### Your objective:
Exact copy, no pictures: repeat the data that follows.

### Material provided:

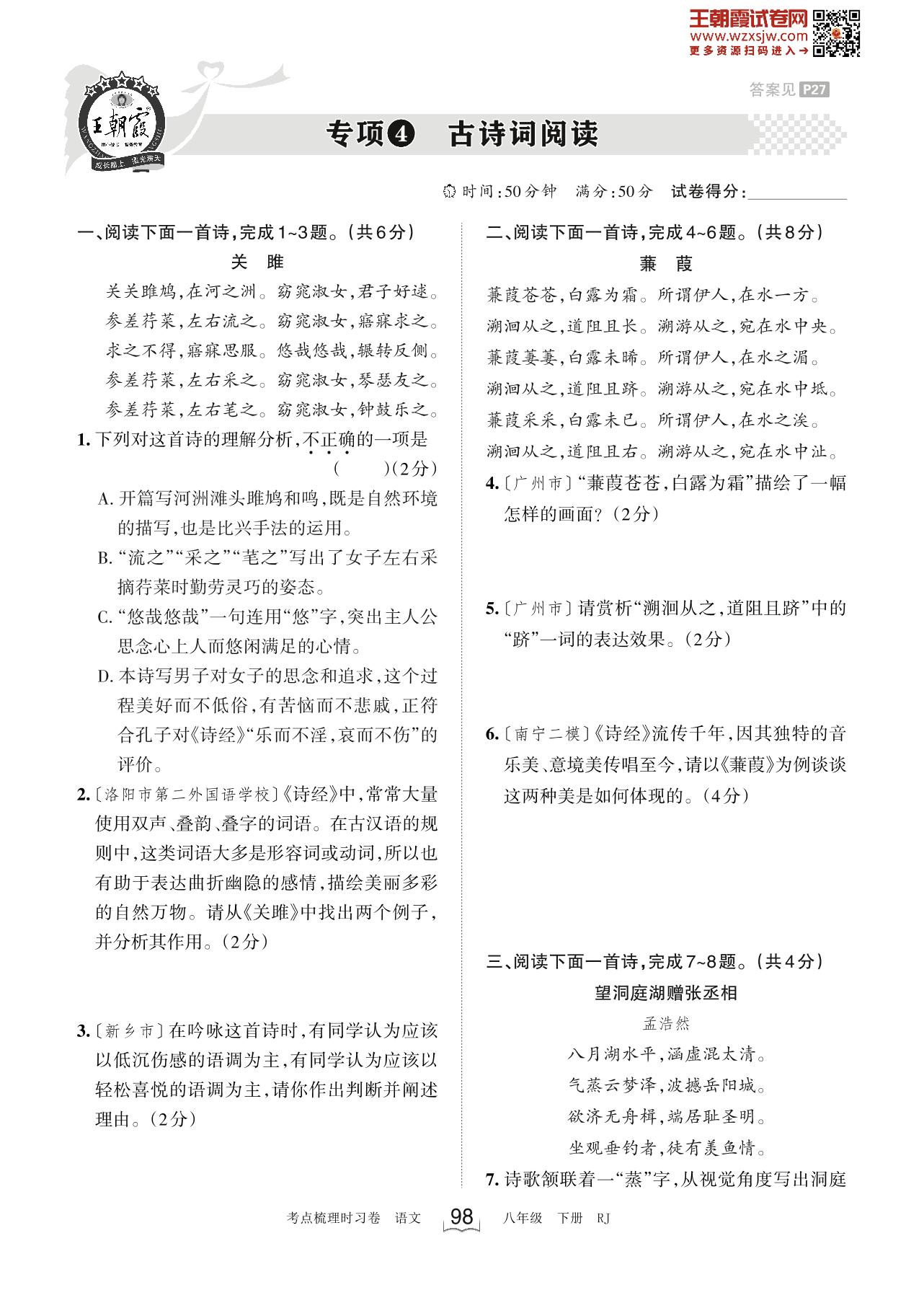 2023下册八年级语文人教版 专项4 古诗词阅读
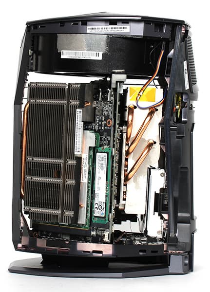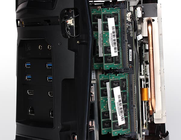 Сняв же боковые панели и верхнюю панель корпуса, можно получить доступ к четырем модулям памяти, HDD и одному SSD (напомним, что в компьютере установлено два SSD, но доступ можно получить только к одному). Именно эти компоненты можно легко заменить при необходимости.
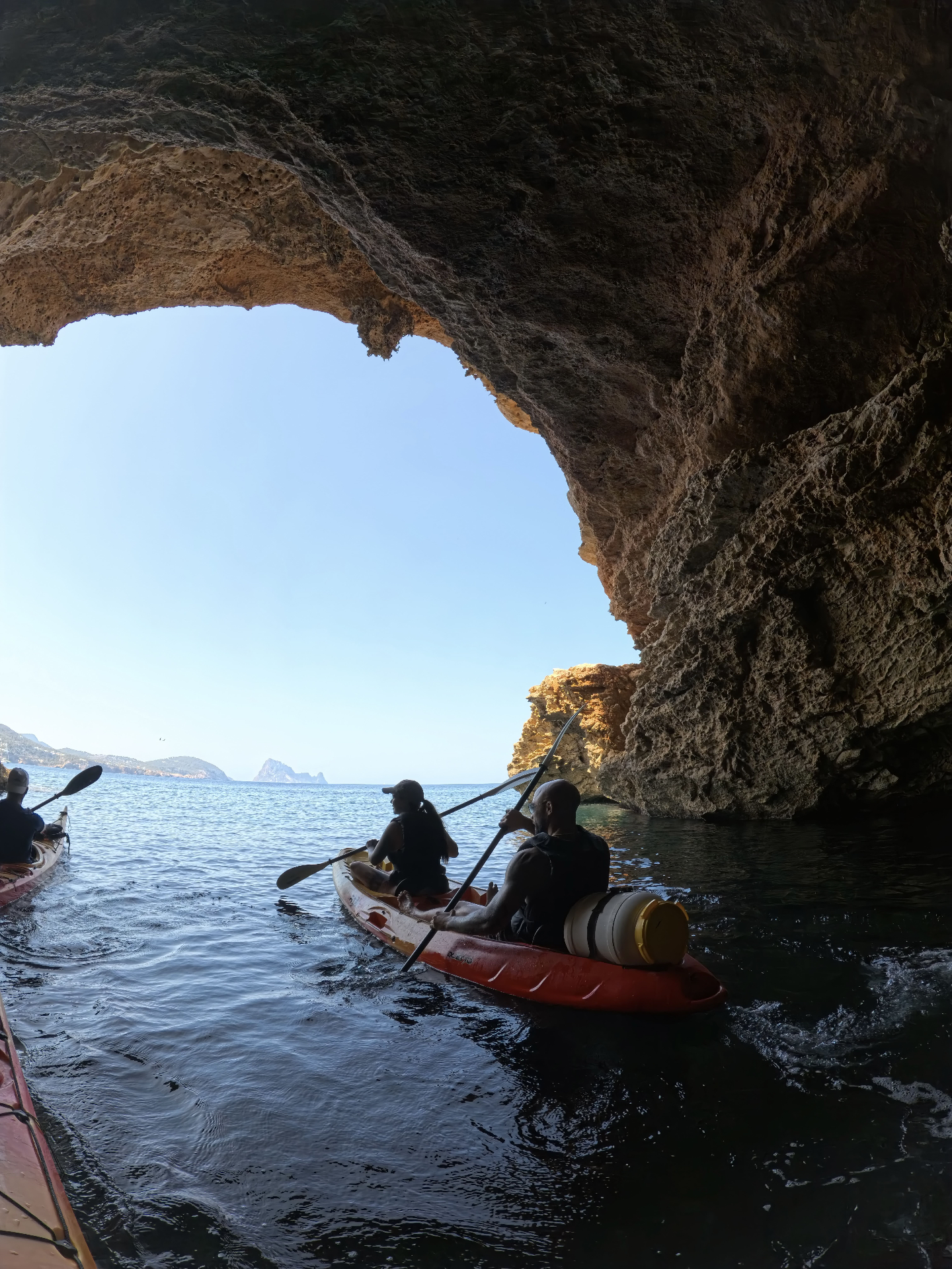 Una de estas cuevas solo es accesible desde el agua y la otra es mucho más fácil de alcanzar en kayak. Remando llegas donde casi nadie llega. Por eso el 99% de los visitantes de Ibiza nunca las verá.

### Response below:
 2023下册八年级语文人教版 专项4 古诗词阅读
 Сняв же боковые панели и верхнюю панель корпуса, можно получить доступ к четырем модулям памяти, HDD и одному SSD (напомним, что в компьютере установлено два SSD, но доступ можно получить только к одному). Именно эти компоненты можно легко заменить при необходимости.
 Una de estas cuevas solo es accesible desde el agua y la otra es mucho más fácil de alcanzar en kayak. Remando llegas donde casi nadie llega. Por eso el 99% de los visitantes de Ibiza nunca las verá.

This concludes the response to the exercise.